The underlying layer routes according to the table. Is it fixed once a new task is created?
Why is the CDC instance on port 8300 not assigned any tasks?

| username: Meditator | Original post link

It is fixed, unless the capture (cdc-server) goes down, then it will be balanced to the remaining cdc-servers on a table-by-table basis.

| username: wluckdog | Original post link

How does the number of CDC process instances affect extraction? For example, what is the difference between having 2 CDC instances and 8 instances synchronizing CDC tasks?

| username: asddongmen | Original post link

The tables to be synchronized by changefeed will be allocated to different captures for synchronization based on the number of tables.

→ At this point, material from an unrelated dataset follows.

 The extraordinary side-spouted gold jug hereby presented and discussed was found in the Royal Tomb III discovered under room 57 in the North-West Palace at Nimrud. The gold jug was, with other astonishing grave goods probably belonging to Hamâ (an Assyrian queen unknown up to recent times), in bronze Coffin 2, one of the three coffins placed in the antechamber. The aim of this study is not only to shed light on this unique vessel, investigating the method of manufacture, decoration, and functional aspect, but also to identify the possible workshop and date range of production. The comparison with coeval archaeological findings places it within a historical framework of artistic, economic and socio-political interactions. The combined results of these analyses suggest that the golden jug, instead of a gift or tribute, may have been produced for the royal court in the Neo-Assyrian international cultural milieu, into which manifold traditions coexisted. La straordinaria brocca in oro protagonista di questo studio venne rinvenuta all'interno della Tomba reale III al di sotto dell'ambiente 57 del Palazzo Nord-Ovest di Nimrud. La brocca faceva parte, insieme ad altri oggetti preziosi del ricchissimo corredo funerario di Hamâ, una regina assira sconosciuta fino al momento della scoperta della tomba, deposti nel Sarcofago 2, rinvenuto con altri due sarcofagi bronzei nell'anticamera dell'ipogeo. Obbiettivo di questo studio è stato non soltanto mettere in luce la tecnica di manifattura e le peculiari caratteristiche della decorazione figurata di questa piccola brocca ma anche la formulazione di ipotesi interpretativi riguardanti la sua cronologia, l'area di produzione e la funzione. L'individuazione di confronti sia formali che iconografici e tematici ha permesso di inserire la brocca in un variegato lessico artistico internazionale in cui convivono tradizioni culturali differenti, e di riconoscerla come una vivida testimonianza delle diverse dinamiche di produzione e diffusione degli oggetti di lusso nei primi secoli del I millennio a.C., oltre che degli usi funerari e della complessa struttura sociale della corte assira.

For the issue you encountered, please execute the ./cdc version command to get the CDC version information and paste it here to help us troubleshoot.
In theory, CDC should automatically load balance the tables. If it does not automatically load balance:

  1. You can use the openAPI to manually trigger the scheduling. Refer to: TiCDC OpenAPI v1 | PingCAP 文档中心
  2. If the above method does not work, consider pausing and restarting the changefeed.
  3. If neither of the above methods works, finally consider restarting the CDC owner node to refresh all states.
| username: wluckdog | Original post link

I have already restarted the CDC task, but the distribution is still uneven.
image
I have also adjusted the CDC task through commands, but it becomes uneven again after restarting.

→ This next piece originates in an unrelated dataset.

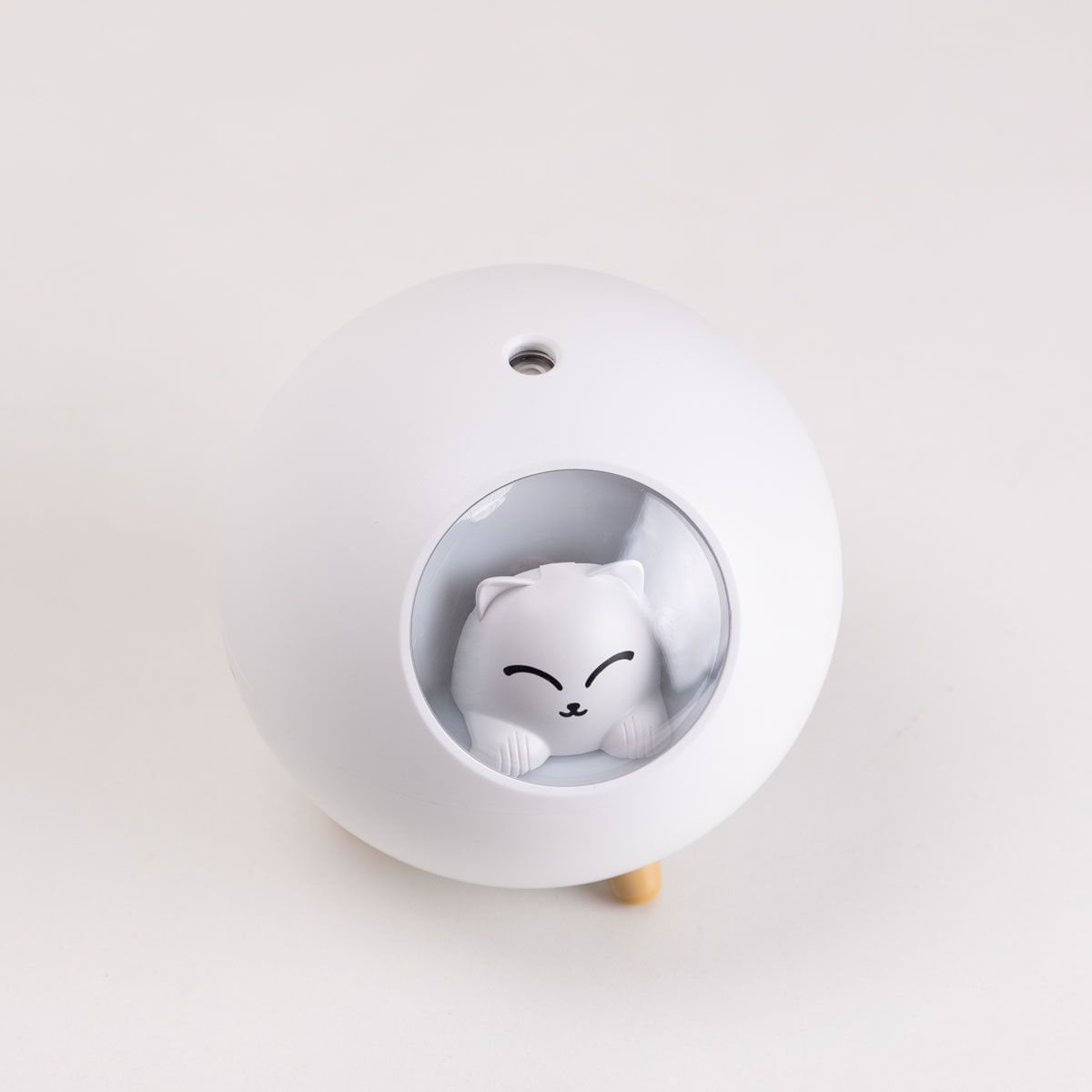 Contando com um design pra lá de criativo, esse umidificador de ar tem um formato arredondado, trazendo um gatinho que pode ser visto em seu interior através de sua janela de plástico transparente.

| username: neilshen | Original post link

The issue of uneven scheduling has been optimized in version v6.2.0, which can automatically balance the number of tables on each TiCDC node. In previous versions, it was necessary to use the API to manually trigger balanced scheduling. For the method, refer to asddongmen’s answer.

| username: system | Original post link

This topic was automatically closed 60 days after the last reply. New replies are no longer allowed.